- [MATERIAL TO PROCESS]:
== == ==
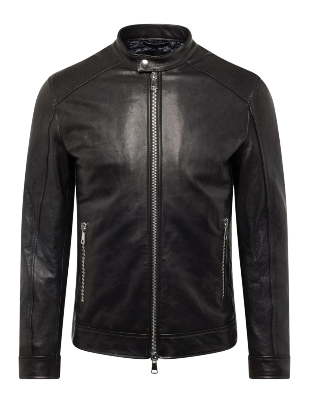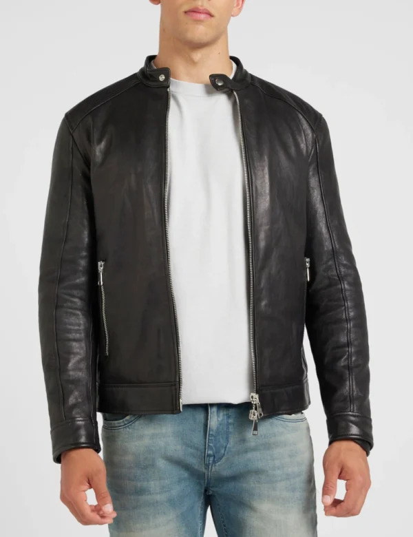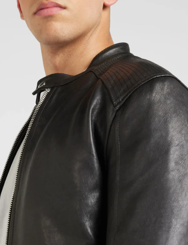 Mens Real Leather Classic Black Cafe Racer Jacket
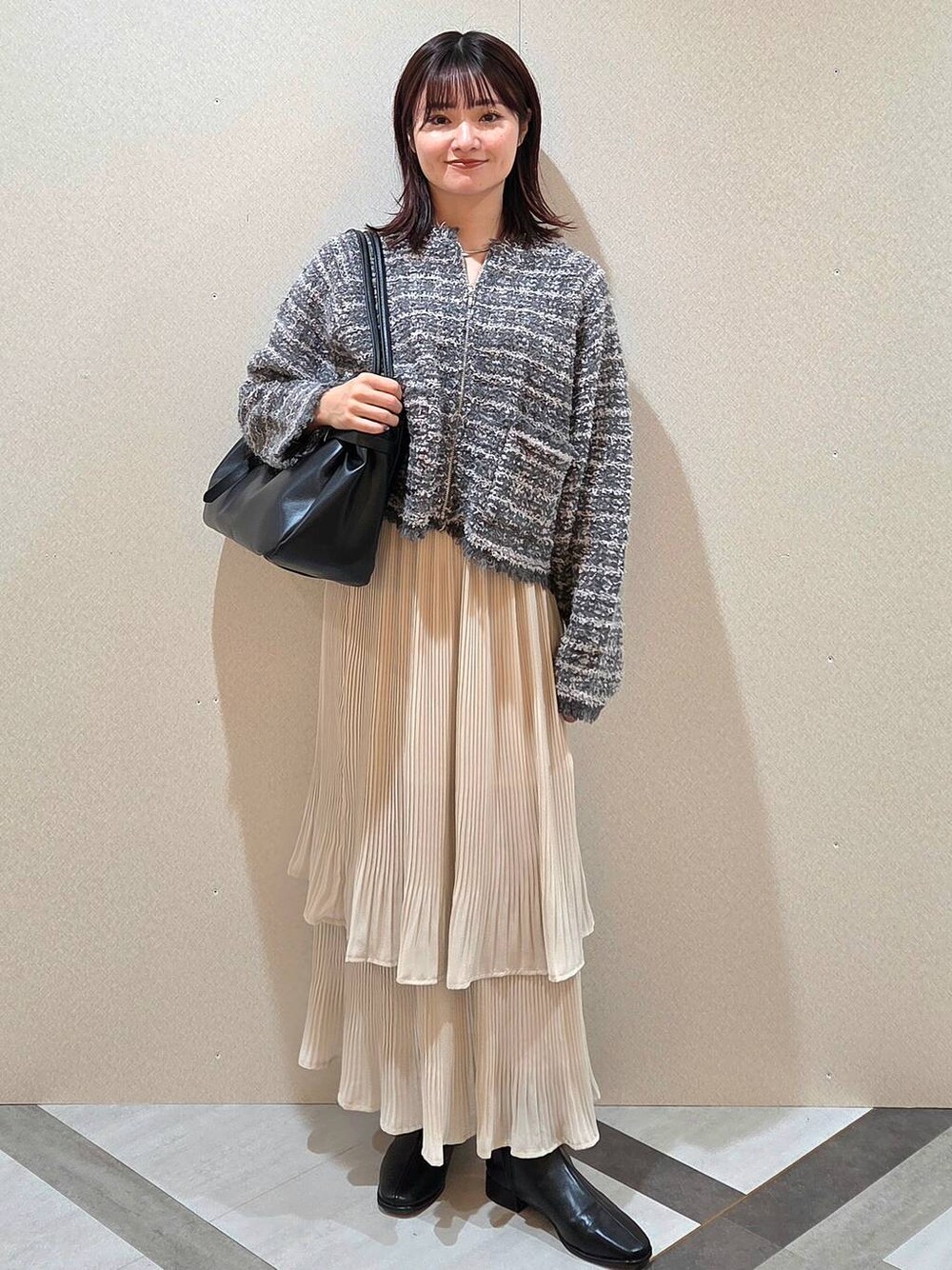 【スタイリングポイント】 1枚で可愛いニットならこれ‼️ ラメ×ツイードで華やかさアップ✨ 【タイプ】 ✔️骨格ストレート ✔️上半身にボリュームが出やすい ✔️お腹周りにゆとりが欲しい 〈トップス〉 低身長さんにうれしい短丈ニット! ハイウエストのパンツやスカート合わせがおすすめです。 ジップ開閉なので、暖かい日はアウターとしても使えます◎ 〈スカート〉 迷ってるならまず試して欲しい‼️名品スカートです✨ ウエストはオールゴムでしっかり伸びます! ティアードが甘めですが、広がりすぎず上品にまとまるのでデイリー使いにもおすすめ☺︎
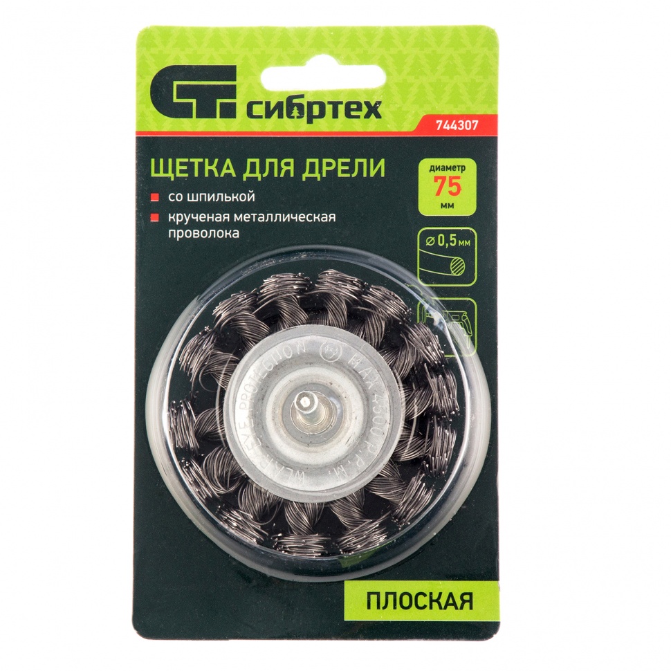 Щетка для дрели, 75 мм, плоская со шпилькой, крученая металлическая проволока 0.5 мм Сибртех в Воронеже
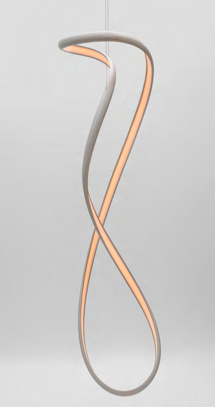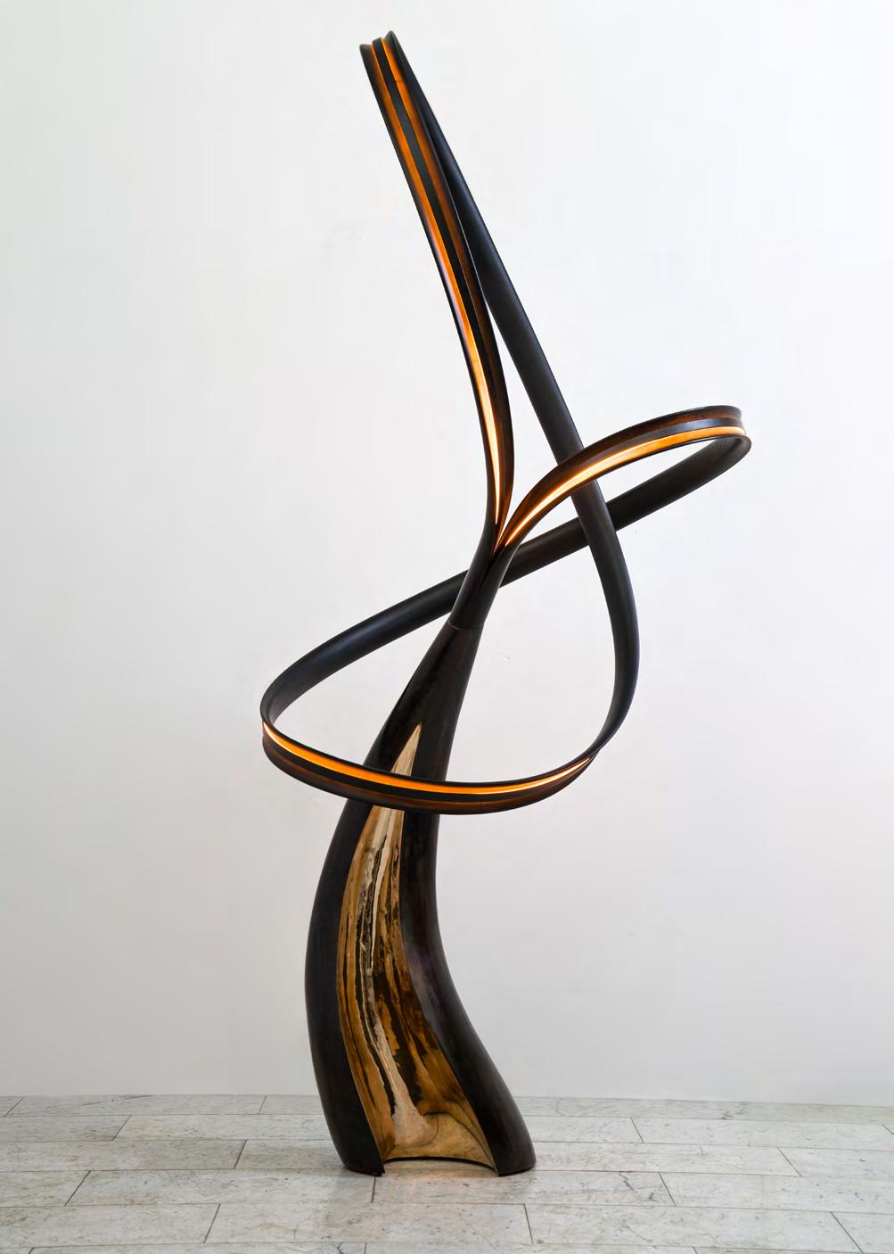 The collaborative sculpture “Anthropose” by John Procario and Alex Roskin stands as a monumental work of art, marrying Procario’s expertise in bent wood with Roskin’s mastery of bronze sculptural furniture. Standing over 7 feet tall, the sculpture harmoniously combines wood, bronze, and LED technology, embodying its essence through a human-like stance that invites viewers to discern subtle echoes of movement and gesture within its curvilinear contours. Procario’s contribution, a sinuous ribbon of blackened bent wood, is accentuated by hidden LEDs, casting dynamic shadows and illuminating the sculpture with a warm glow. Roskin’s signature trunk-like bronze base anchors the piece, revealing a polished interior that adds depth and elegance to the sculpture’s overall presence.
== == ==
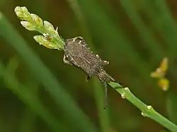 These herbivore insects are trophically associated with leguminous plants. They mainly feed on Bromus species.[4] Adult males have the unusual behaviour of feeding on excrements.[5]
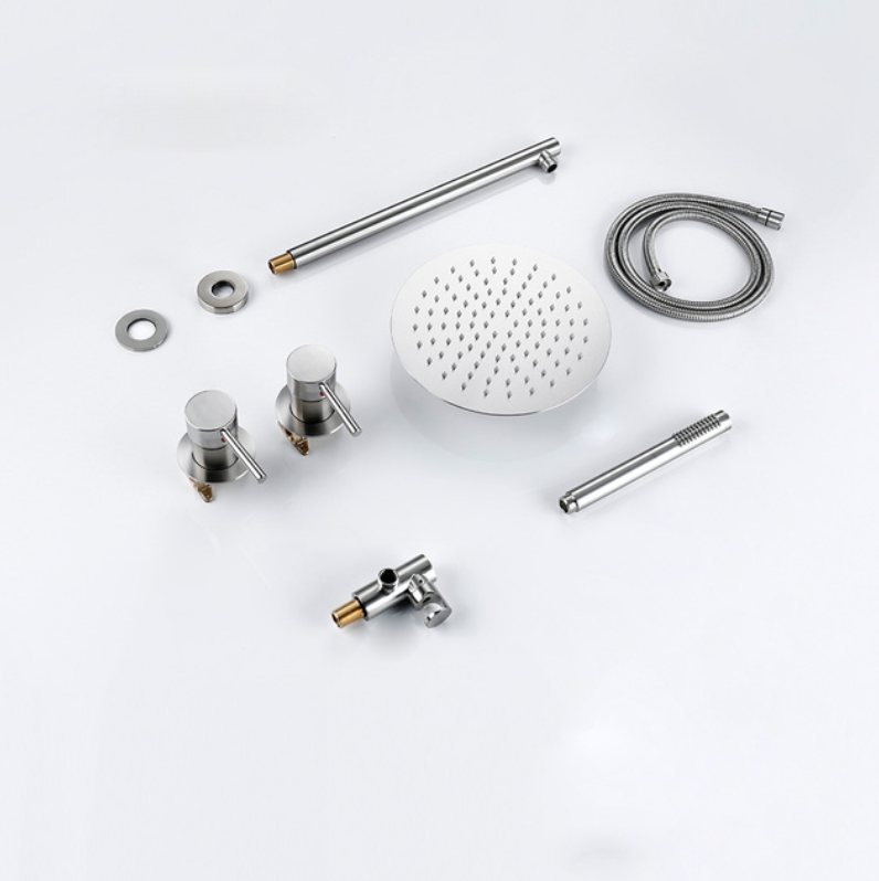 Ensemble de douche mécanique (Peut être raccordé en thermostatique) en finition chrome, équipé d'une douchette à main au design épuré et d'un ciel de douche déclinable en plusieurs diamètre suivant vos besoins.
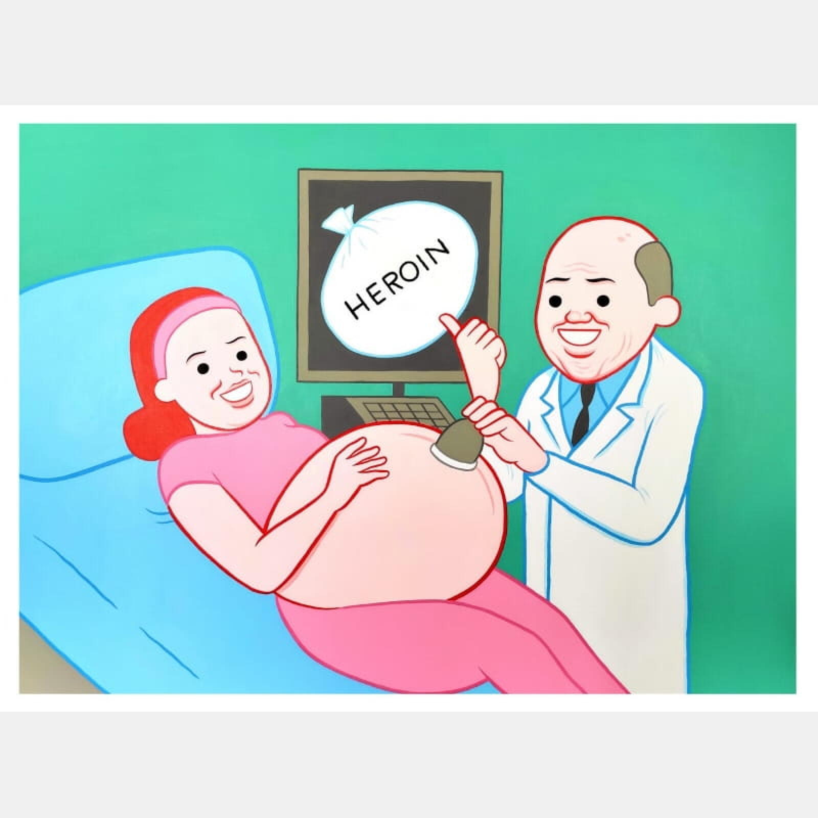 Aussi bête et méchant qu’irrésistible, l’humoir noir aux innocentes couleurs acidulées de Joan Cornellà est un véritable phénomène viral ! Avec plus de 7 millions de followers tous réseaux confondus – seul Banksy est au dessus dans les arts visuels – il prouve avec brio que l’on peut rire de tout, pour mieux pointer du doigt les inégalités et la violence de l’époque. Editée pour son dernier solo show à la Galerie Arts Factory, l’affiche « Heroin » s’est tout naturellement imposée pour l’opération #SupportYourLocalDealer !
== == ==
- [YOUR TASK]: Pictures aside, return exactly the lines from the data above, starting at the line that has "These herbivore insects" and ending at the line that has "Aussi bête et", both included.

- [REPLY]:
 These herbivore insects are trophically associated with leguminous plants. They mainly feed on Bromus species.[4] Adult males have the unusual behaviour of feeding on excrements.[5]
 Ensemble de douche mécanique (Peut être raccordé en thermostatique) en finition chrome, équipé d'une douchette à main au design épuré et d'un ciel de douche déclinable en plusieurs diamètre suivant vos besoins.
 Aussi bête et méchant qu’irrésistible, l’humoir noir aux innocentes couleurs acidulées de Joan Cornellà est un véritable phénomène viral ! Avec plus de 7 millions de followers tous réseaux confondus – seul Banksy est au dessus dans les arts visuels – il prouve avec brio que l’on peut rire de tout, pour mieux pointer du doigt les inégalités et la violence de l’époque. Editée pour son dernier solo show à la Galerie Arts Factory, l’affiche « Heroin » s’est tout naturellement imposée pour l’opération #SupportYourLocalDealer !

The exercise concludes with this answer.